Paulo Araña’s job at FUNAI was to monitor and protect an exclusion zone established around the easternmost region of the Upper Amazon—over thirty-two thousand square miles of unbroken jungle. It was a priceless treasure, site of both the largest concentration of biodiversity on earth and a terra indigena that was home to approximately forty uncontacted Amazonian tribes—pockets of indigenous human civilization with little or no exposure to the technology and disease of the outside world.

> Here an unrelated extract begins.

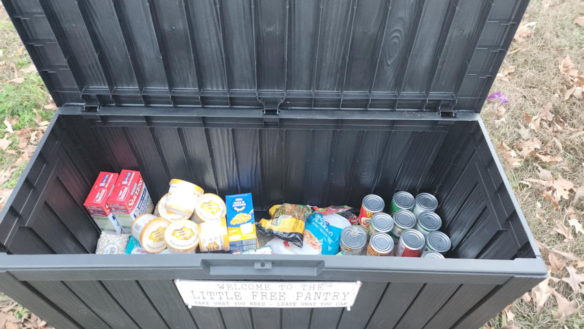| Description | Brown parcel box with little free pantry sign on it. At end of the road, near our mailbox. Leave what you can, take what you need. Free. |

With such natural riches, the land was under constant attack. Like an army of termites, destitute locals were motivated to sneak into protected territory to fish virgin rivers or poach valuable endangered species; loggers were tempted to bring down the huge kurana, cedar trees that could fetch thousands of dollars on the black market; and of course, the hordes of narcotraficantes stopping over on their way from southern Brazil to Central America were a constant and brutal menace.

Preserving the wilderness required unwavering attention.

With a nicotine-stained finger, Paulo pecked a key to activate Marvin, a computer program housed in a beige plastic box wedged under his desk. Acquired years ago from a joint research effort with an American graduate program, the battered box was unremarkable save for a faded printout of an old Simpsons cartoon character taped to the outside.

On the inside, however, Marvin housed a sophisticated neural network—an expert system that had been trained on thousands of square miles of real jungle imagery, and over a hundred million more simulated.

Marvin could reliably identify a quarter-mile airstrip hacked out of the remote jungle by drug couriers; or the logging roads that threaded like slug trails into the deep woods, with larger trees intentionally left unmolested as cover; or even the occasional maloca huts built by the uncontacted tribes—rare and intimate glimpses of another world.

Most importantly, the program could scan ten square miles of super-high-resolution terrain in seconds—a feat impossible for even the most dedicated human being.